Grazia had put the laptop on the table. She didn’t want to touch this contaminated object. Cargill was silent for a long minute after she read it to him. “Are you going to reply?”
“No! That would be like speaking to him!”
“OK, then don’t answer.”
“Is that good?” she quavered. “Not to answer?”
“Waiting might make him nervous. He might do something stupid like phone you. Then we’ll have a number we can trace.”
“Can’t you trace this email?”
“A computer geek might be able to trace the IP address. Google has a database of IP address locations. But my guess is this guy is sending it from an Internet café or a public-access computer like at a library. The thing is, tracing his IP address is not enough in court to prove he sent the email. However, it might be enough to catch him. If we know where he’s sending the emails, we can wait outside and hope we eventually spot a familiar face.”
“Can you trace a phone call from my cell phone?” Her voice quivered.
“We can track phones. But if he turns off his cell phone, we can’t find him. Also, he probably bought a burner—that’s a
cell phone that uses a SIM card. They’re hard to track, but it can be done if we can locate the tower it’s communicating with and then narrow down where he’s calling from. The trouble is, that all requires staff and technology experts, and my captain isn’t going to authorize that expense for a foreign woman who’s leaving on Friday. The best we can hope for is that you exchange emails with him and hope he slips up and says something that will identify him.”
Grazia was feeling calmer. “Cargill, he’s smart. He won’t admit anything in an email. Maybe he’s in Italy, like you say. Oh, what am I saying? He pushed me under a car not six hours ago!”
“He could have hired someone to mug you. Listen, do me a favor. Answer the email. Conquer your fear. Start a conversation. And send me a BCC.” He gave her his email address.
“If I email him, what do I say?”
“Ask, ‘What happened Saturday night? I don’t remember anything. Did we have sex?’”
She hung up and stared at her laptop. Then she took a deep breath and tapped ‘Reply.’ She wrote, “Can’t you have sex with a woman unless she’s unconscious? What’s your problem? Are you worried that she will see how tiny you are?”

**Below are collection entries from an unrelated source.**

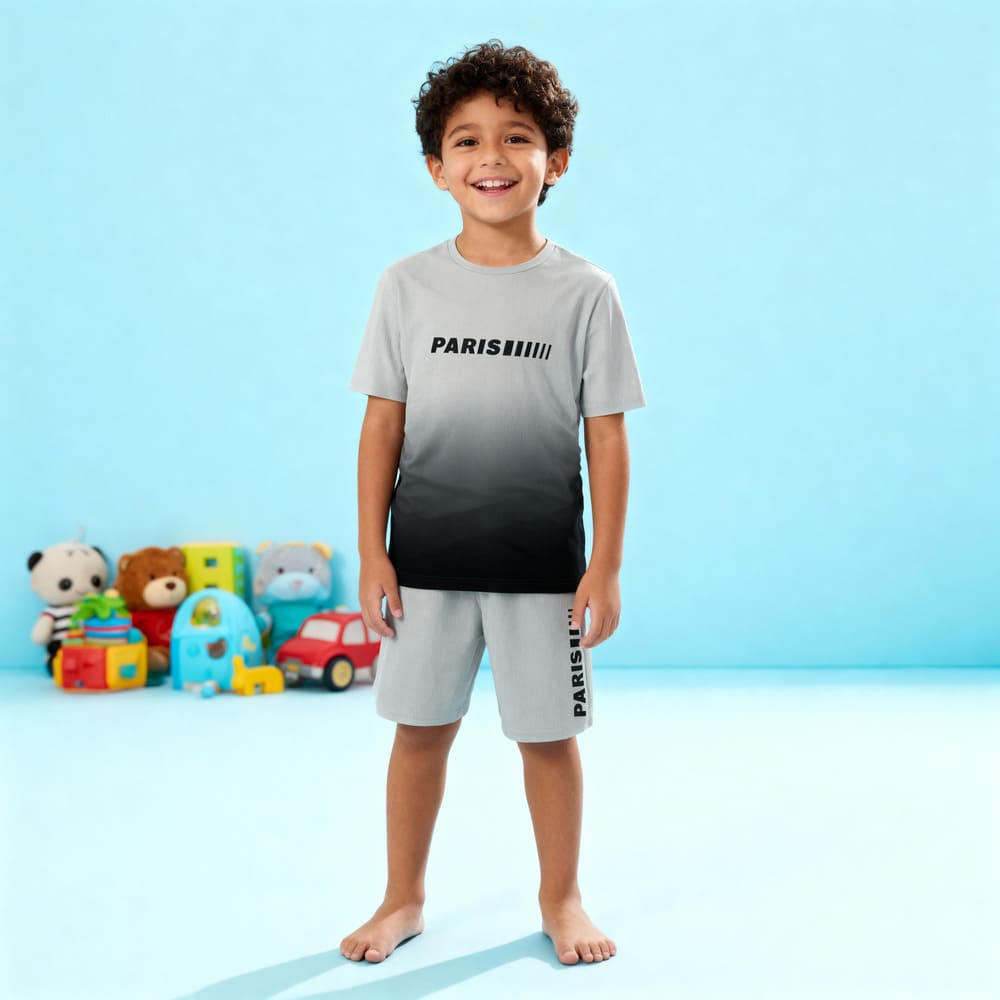 Boy in gray-black gradient “PARIS” tee and matching shorts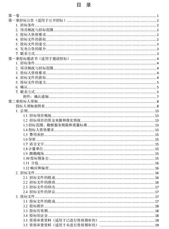 中华人民共和国标准勘察招标文件 pdf高清版中华人民共和国标准勘察招标文件是为勘察设计发布的招标文件,详细的文字说明,无论是招标还是投标需更加国家相关制度来执行,做到公平、公正,更多详情,用户可以来当易网下载了解!使用说明1、《标准勘察招标文件》适用于工程勘察招标。2、《标准勘察招标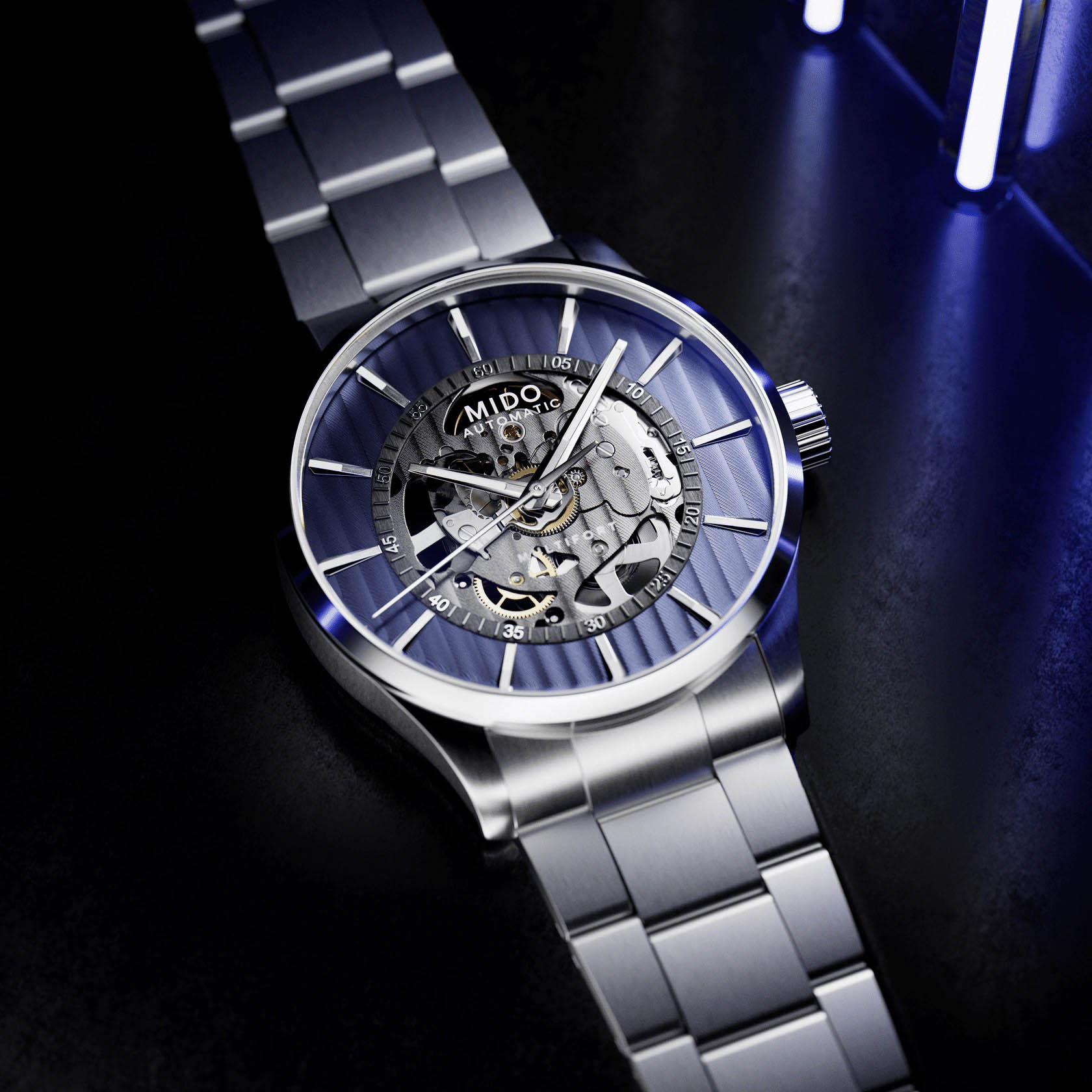 Мужские швейцарские механические часы с хронометром Mido Multifort Skeleton Vertigo M038.436.11.041.00, механический механизм (автоматический калибр) с высокой точностью. Сапфировое стеклоСапфировое стеклоПрочный и надёжный материал из кристалла сапфира синтетического происхождения, характеризующийся особой твёрдостью и устойчивостью к царапинам и повреждениям. устойчивое к появлению царапин, обладающее высокой прозрачностью. Класс водозащиты: 100 метров, позволит плавать, нырять и заниматься другими водными видами спорта. Корпус часов изготовлен из нержавеющей стали.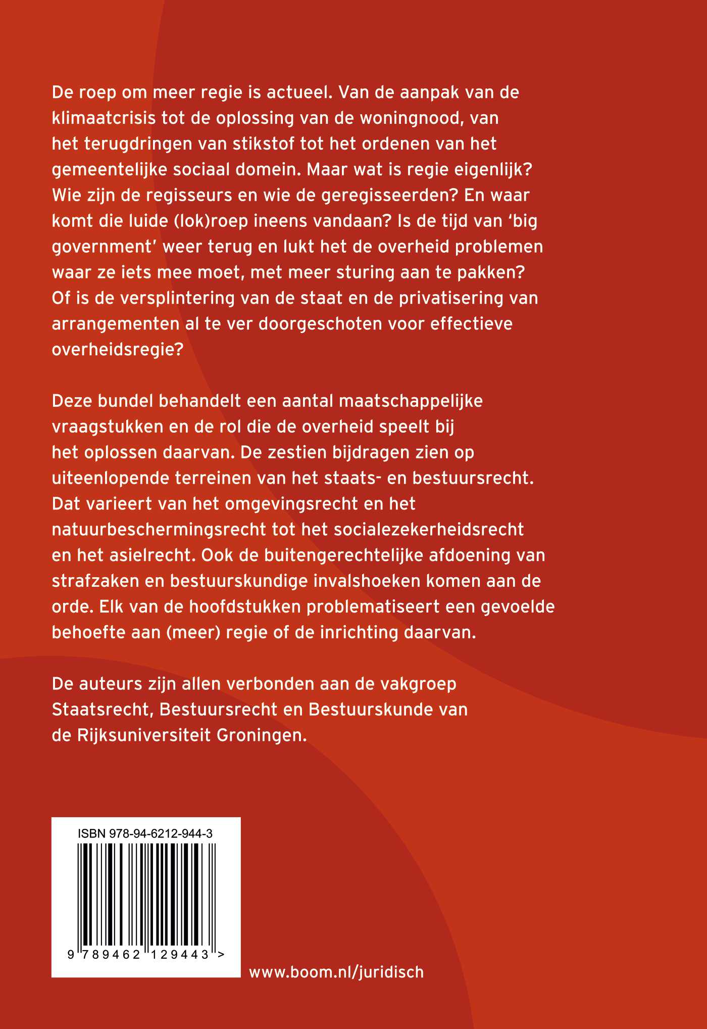 Deze bundel behandelt een aantal maatschappelijke vraagstukken en de rol die de overheid speelt bij het oplossen daarvan. De zestien bijdragen zien op uiteenlopende terreinen van het staats- en bestuursrecht. Dat varieert van het omgevingsrecht en het natuurbeschermingsrecht tot het socialezekerheidsrecht en het asielrecht. Ook de buitengerechtelijke afdoening van strafzaken en bestuurskundige invalshoeken komen aan de orde. Elk van de hoofdstukken problematiseert een gevoelde behoefte aan (meer) regie of de inrichting daarvan.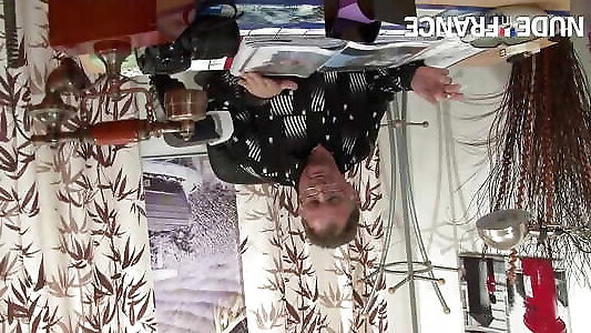 наблюдая, как белокурая милфа-портниха снимает мерки, эрегирует свой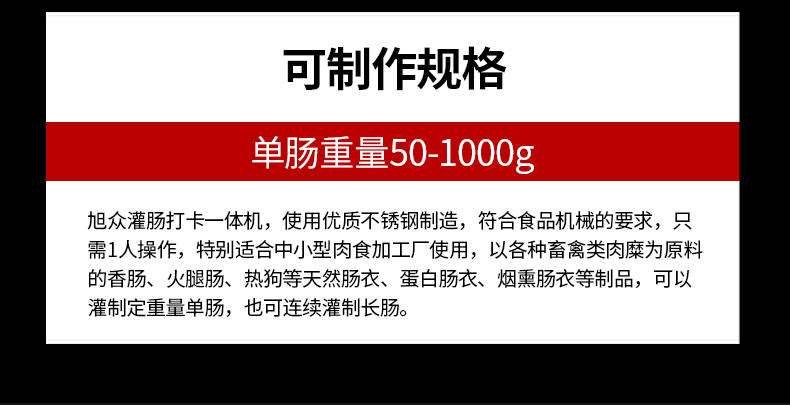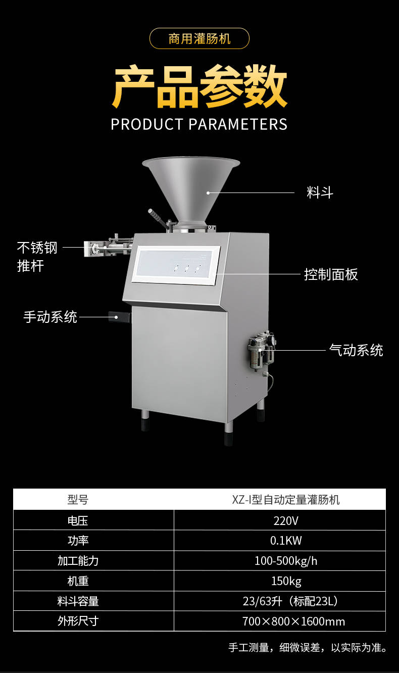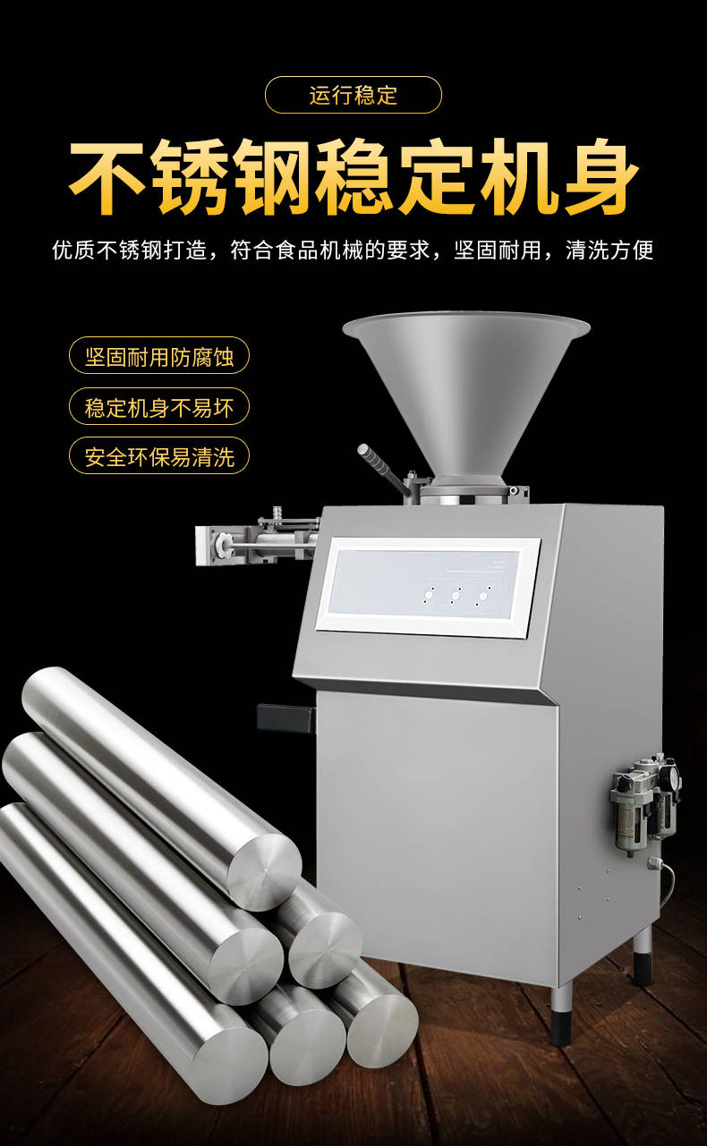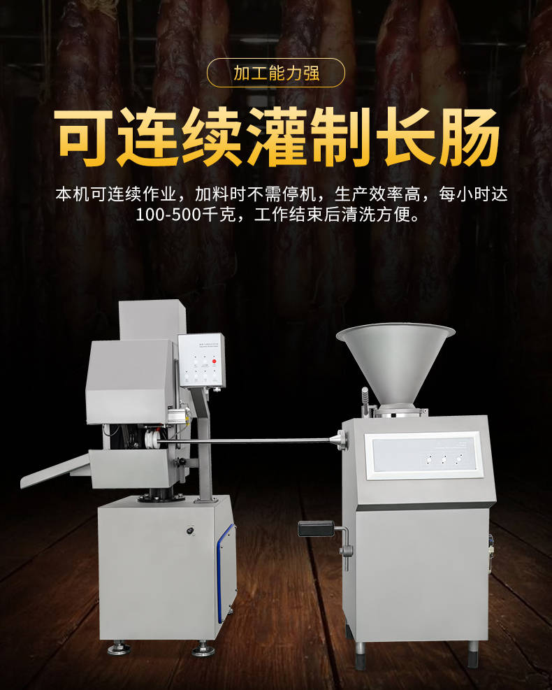 XZ-I型自動定量灌腸機,使用優(yōu)質不銹鋼制造,符合食品機械的要求,只需1人操作,特別適合中小型肉食加工廠使用,以各種畜禽類肉糜為原料的香腸、火腿腸、熱狗等天然腸衣、蛋白腸衣、煙熏腸衣等制品,可以灌制定重量單腸,也可連續(xù)灌制長腸。

She added Cargill’s email as a BCC and hit “send.” Then she looked around at the quiet, peaceful room, the soft bedside light, the turned-back coverlet. A hot bath was what she needed. She still couldn’t feel clean. But panic reared its sharp head. What if the rapist had a passkey? What if he threw his weight against the chain and snapped it? She would be naked in a tub of hot water.
“Stop this crazy thinking!” she exclaimed aloud, appalled at how close calm was to panic. When would she be her old courageous self! She dragged out her suitcase and was reaching for her anxiety pills when Cindy’s voice came into her ears. “Find the trigger. Connect it to the emotion. Then do what you had decided to do to get back in control.”
“You are a lawyer,” Grazia said out loud. “The more control you have over yourself, the more control you have over the situation.”
She locked the suitcase in the closet. Then she wrote on the hotel message pad, “You are in control, Grazia,” and propped it against the lamp on the bedside table. She sat down at the round table and opened her journal. She began adding details to what she had written about the day. She still couldn’t write about the results from the medical examiner—that there were two men. So she started with the mugging, then the hypnosis, then Cargill and the Brazilian Bar, then dinner at the Ethiopian restaurant, then Luigi in the hotel lobby, the anonymous email, and her resolve to get control.